> _MATERIAL PROVIDED_:

──────

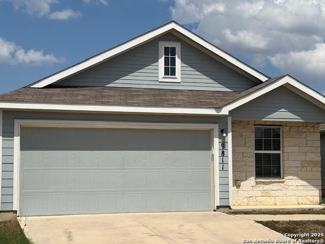 Conveniently located near Loop 1604 and Hwy. 90, this home offers easy access to shopping, dining, entertainment, and all the amenities of city living-without the burden of city taxes. With USDA financing available, qualified buyers may be able to purchase with zero down payment, making this an excellent opportunity for first-time homeowners. Built just 7 years ago, this move-in ready home features a modern open-concept design filled with natural light and thoughtful upgrades throughout. The exterior showcases a durable stone and hard plank finish, while inside you'll find stylish and practical features made for everyday living. Features Gas tankless water heater for endless hot water ~ Gas central heat for year-round efficiency ~ Attic pull-down stairs for added storage ~ 2" faux wood blinds on most windows ~ Garage door opener (less than 3 years old) with battery backup ~ Gas cooking in the kitchen with upgraded light fixtures ~ Walk-in closets in both bedrooms ~ Brand new carpet installed in both bedrooms in August 2025. The oversized backyard-larger than most in the subdivision-offers plenty of room for outdoor living and entertaining. Move-in ready and waiting for you-be sure to put this one on your list!
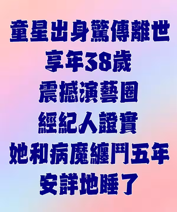 童星出身!38歲星二代「驚傳離世」震撼演藝圈 經紀人證實「她和病魔纏鬥五年」:安詳地睡
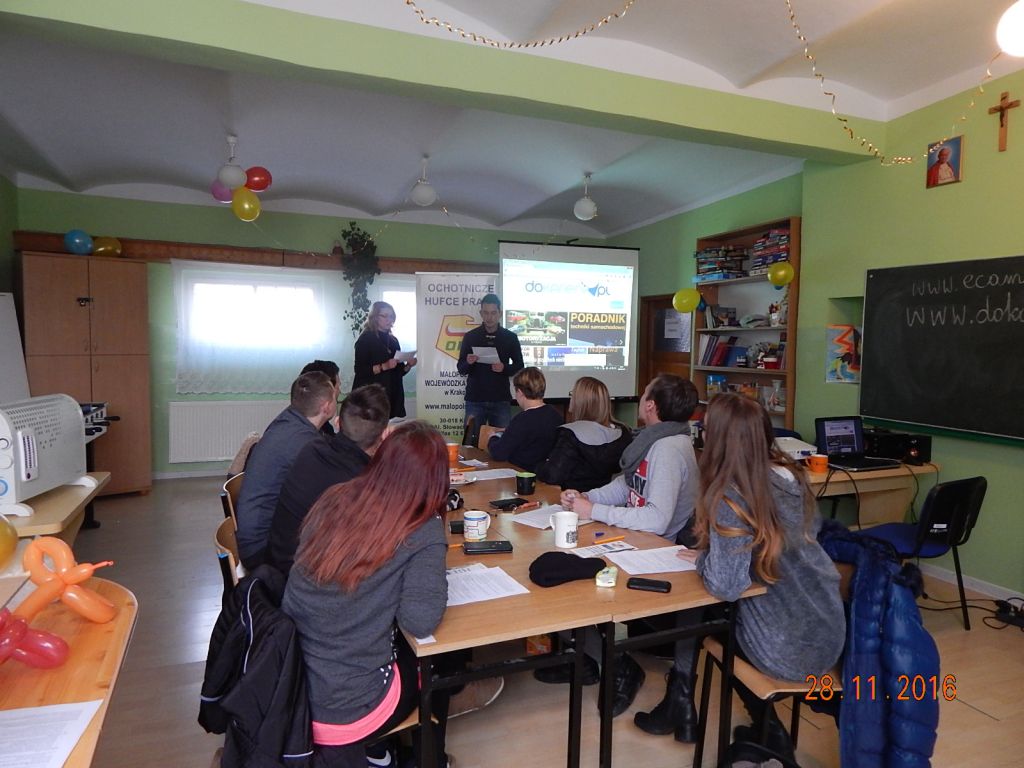W starosądeckiej jednostce w projekcie uczestniczy 10 – osobowa grupa młodzieży w wieku między 18 a 24 rokiem życia. Podczas spotkań z doradcą zawodowym grupa beneficjentów miała okazję się lepiej poznać i zintegrować. Zostały przeprowadzone bloki tematyczne dotyczące kompetencji i predyspozycji zawodowych, bariery na drodze do zatrudnienia oraz analiza rynku pracy, dokumenty aplikacyjne –wizytówką zawodową. Na zajęciach beneficjenci mogli uczestniczyć w warsztatach sztuki mówienia i autoprezentacji na rozmowie kwalifikacyjnej. Na przedostatnie zajęcia został zaproszony doradca sieci EURES p. Krzysztof Borek, który szczegółowo omówił zasady korzystania z w/w sieci. Na zakończenie został przeprowadzony quiz odnośnie wiadomości o sieci Eures, ECAM www.dokariery.pl Zwycięzcom konkursu zostały wręczone atrakcyjne nagrody. W ramach projektu w najbliższym czasie planowane są grupowe zajęcia z psychologiem oraz indywidualne wsparcie psychologiczne.

──────

> _REQUIRED ACTION_:
Copy exactly the lines running from the beginning of the listing through the line that has "童星出身!38歲星二代「驚傳". Drop the pictures.

> _ANSWER FOR THE TASK_:
 Conveniently located near Loop 1604 and Hwy. 90, this home offers easy access to shopping, dining, entertainment, and all the amenities of city living-without the burden of city taxes. With USDA financing available, qualified buyers may be able to purchase with zero down payment, making this an excellent opportunity for first-time homeowners. Built just 7 years ago, this move-in ready home features a modern open-concept design filled with natural light and thoughtful upgrades throughout. The exterior showcases a durable stone and hard plank finish, while inside you'll find stylish and practical features made for everyday living. Features Gas tankless water heater for endless hot water ~ Gas central heat for year-round efficiency ~ Attic pull-down stairs for added storage ~ 2" faux wood blinds on most windows ~ Garage door opener (less than 3 years old) with battery backup ~ Gas cooking in the kitchen with upgraded light fixtures ~ Walk-in closets in both bedrooms ~ Brand new carpet installed in both bedrooms in August 2025. The oversized backyard-larger than most in the subdivision-offers plenty of room for outdoor living and entertaining. Move-in ready and waiting for you-be sure to put this one on your list!
 童星出身!38歲星二代「驚傳離世」震撼演藝圈 經紀人證實「她和病魔纏鬥五年」:安詳地睡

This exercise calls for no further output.